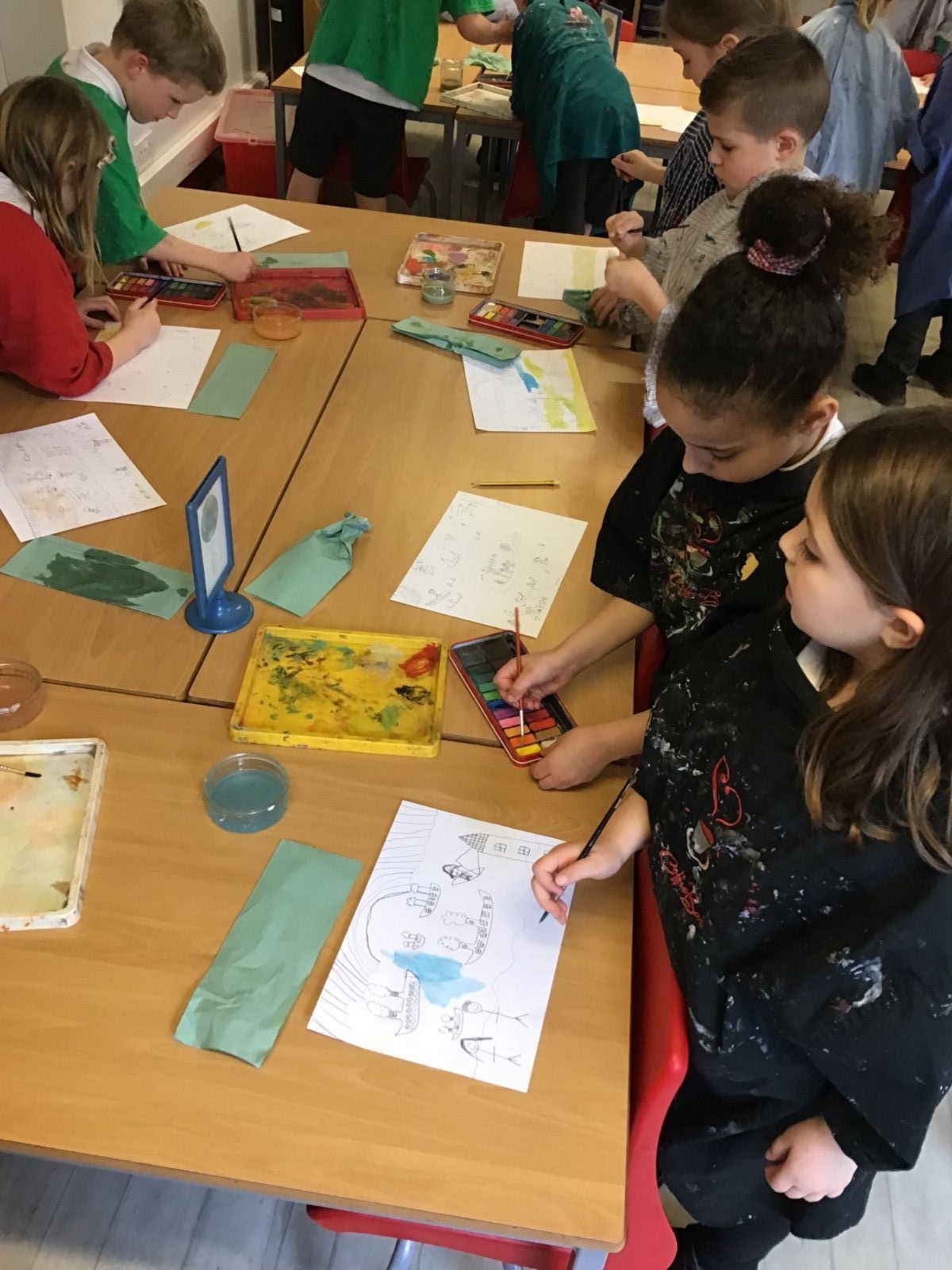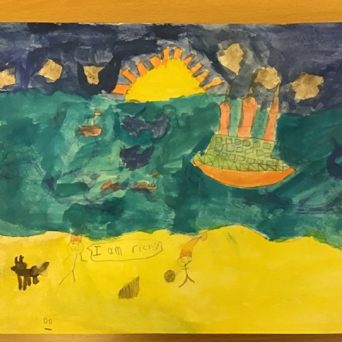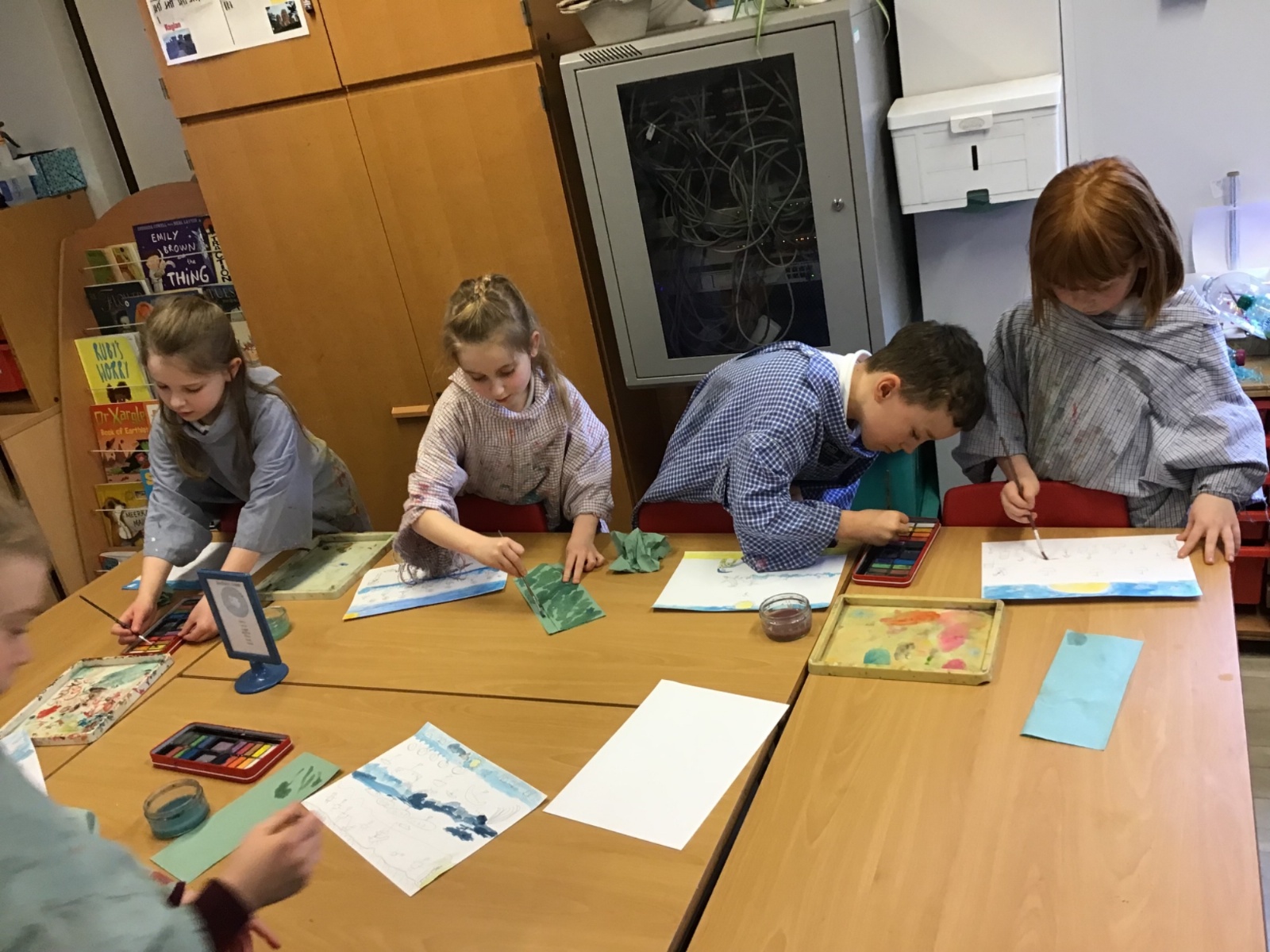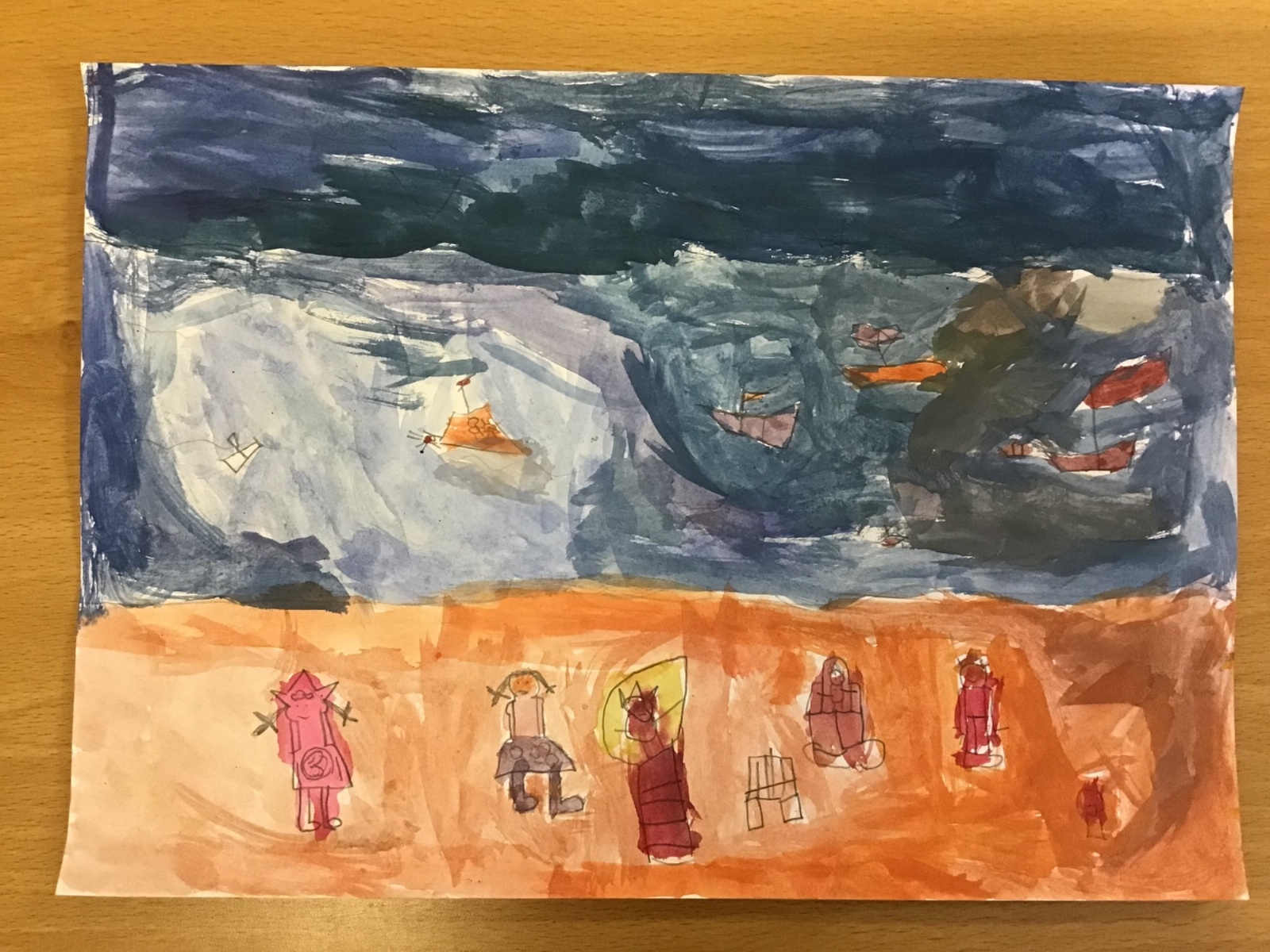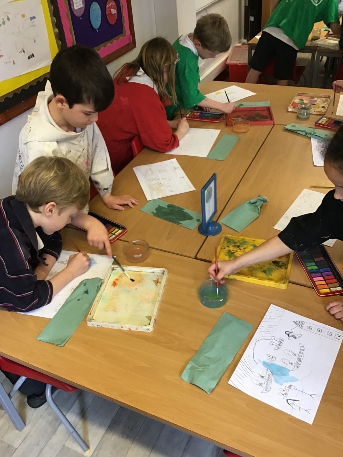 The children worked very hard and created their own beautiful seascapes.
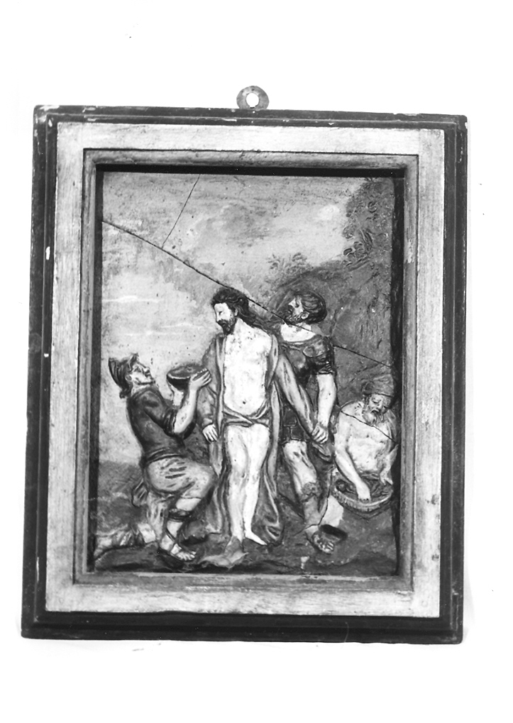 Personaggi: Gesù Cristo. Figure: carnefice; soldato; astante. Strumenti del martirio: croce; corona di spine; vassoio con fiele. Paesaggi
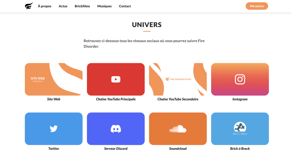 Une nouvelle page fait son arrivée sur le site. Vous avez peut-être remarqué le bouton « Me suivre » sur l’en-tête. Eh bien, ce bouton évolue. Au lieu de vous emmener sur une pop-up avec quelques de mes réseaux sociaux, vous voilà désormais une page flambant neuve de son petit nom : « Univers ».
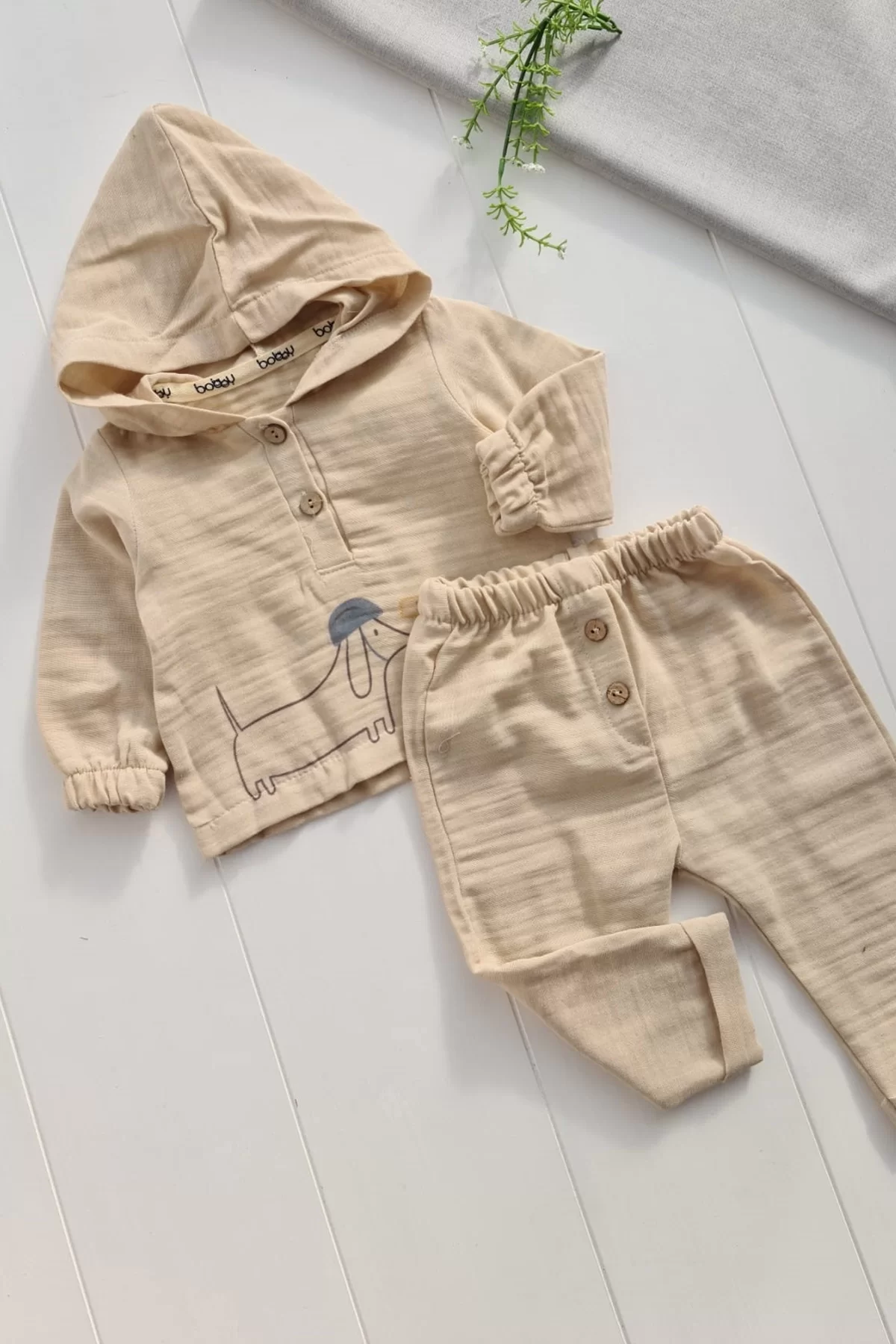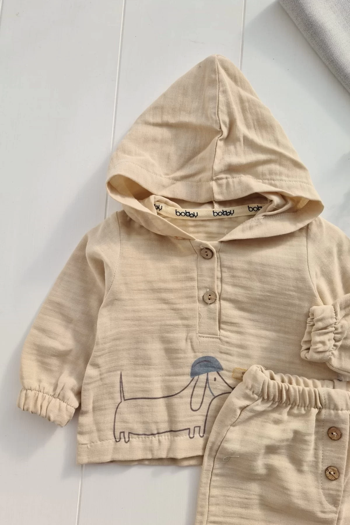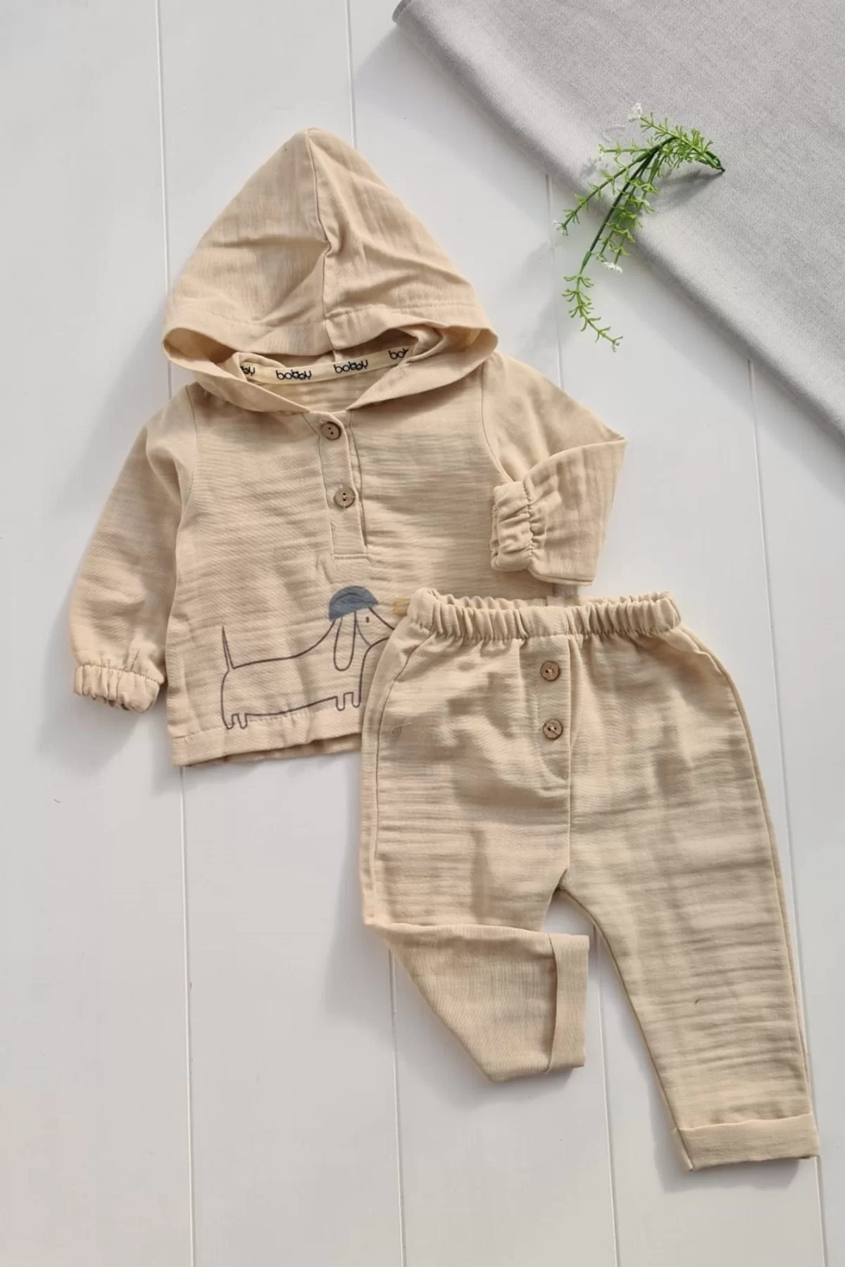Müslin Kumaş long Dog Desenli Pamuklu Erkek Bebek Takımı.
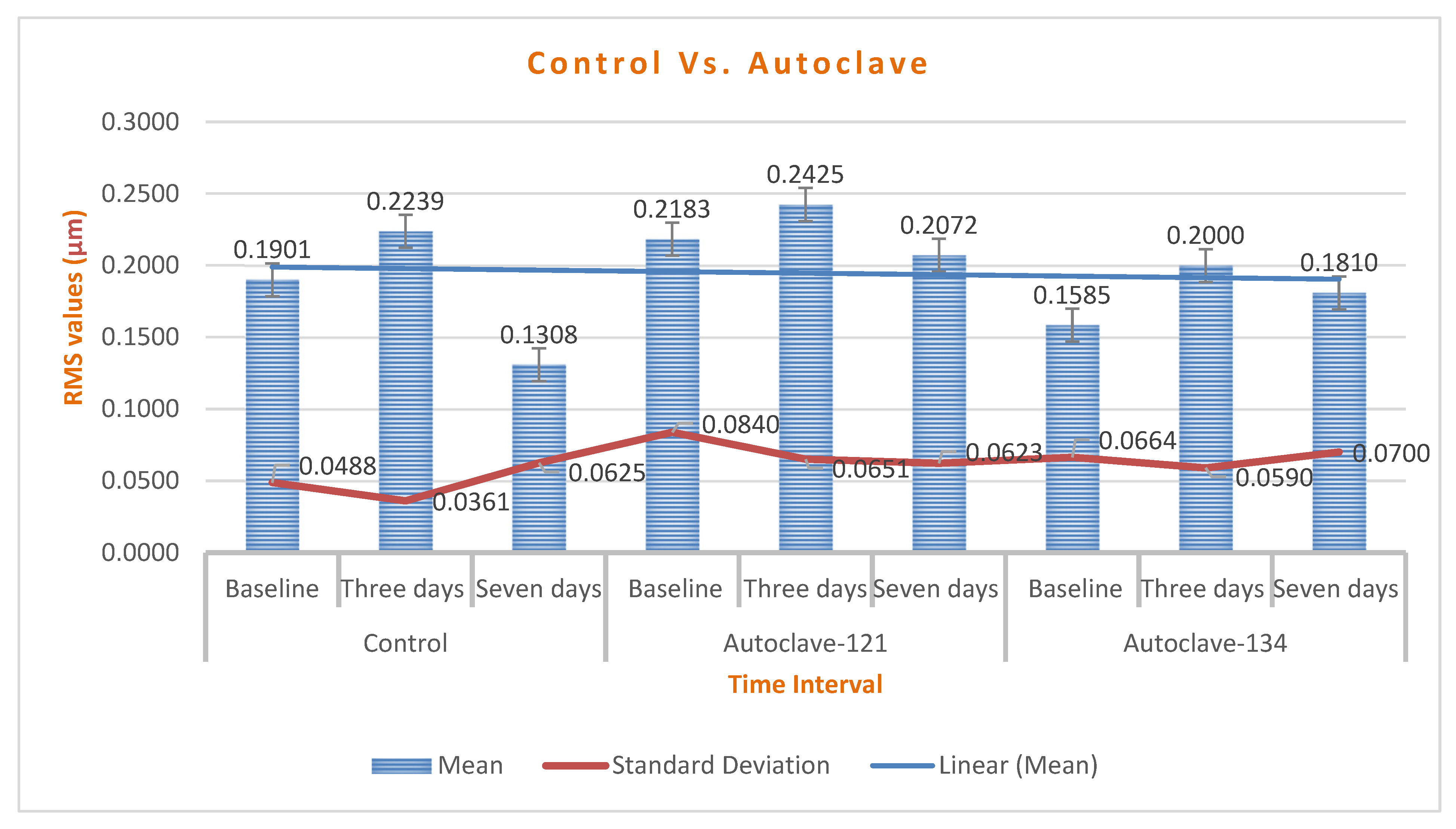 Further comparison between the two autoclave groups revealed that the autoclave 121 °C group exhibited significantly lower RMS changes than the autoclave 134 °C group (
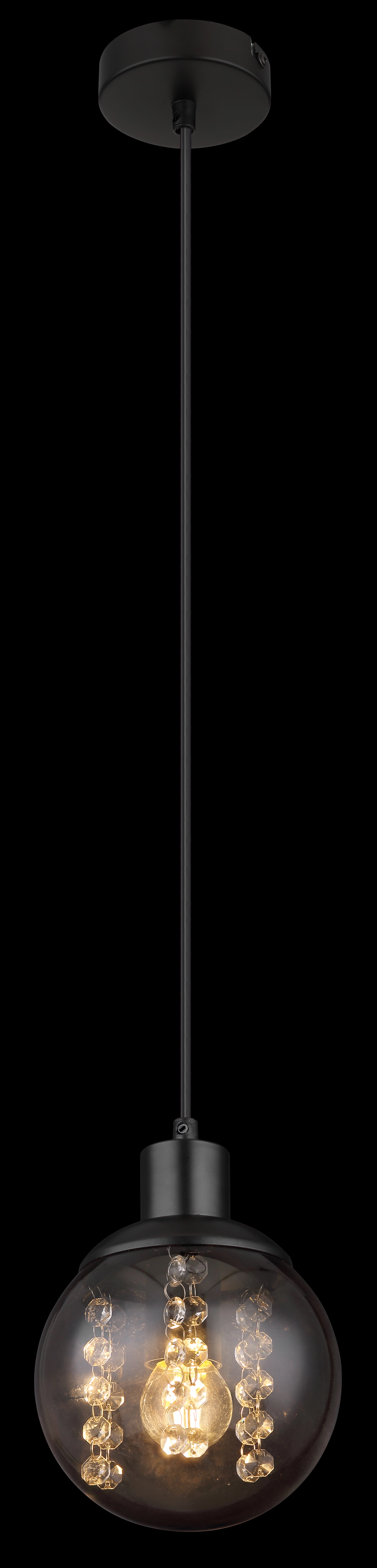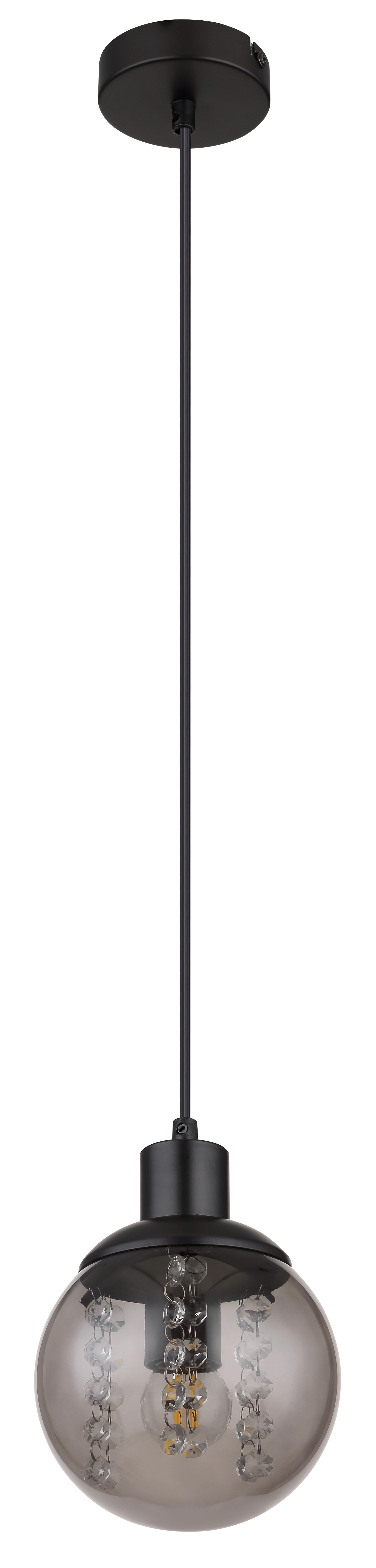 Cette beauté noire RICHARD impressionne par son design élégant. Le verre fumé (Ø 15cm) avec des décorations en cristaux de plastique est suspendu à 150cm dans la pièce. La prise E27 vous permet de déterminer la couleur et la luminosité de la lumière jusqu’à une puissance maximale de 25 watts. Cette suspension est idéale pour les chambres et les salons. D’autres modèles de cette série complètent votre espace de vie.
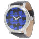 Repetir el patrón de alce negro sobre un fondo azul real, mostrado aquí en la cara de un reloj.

▬▬▬▬▬▬▬▬▬▬

**What the task requires:**
Copy the records above from the first line through the line containing "Personaggi: Gesù Cristo.", both included, and leave out any pictures.

**Response for this exercise:**
 The children worked very hard and created their own beautiful seascapes.
 Personaggi: Gesù Cristo. Figure: carnefice; soldato; astante. Strumenti del martirio: croce; corona di spine; vassoio con fiele. Paesaggi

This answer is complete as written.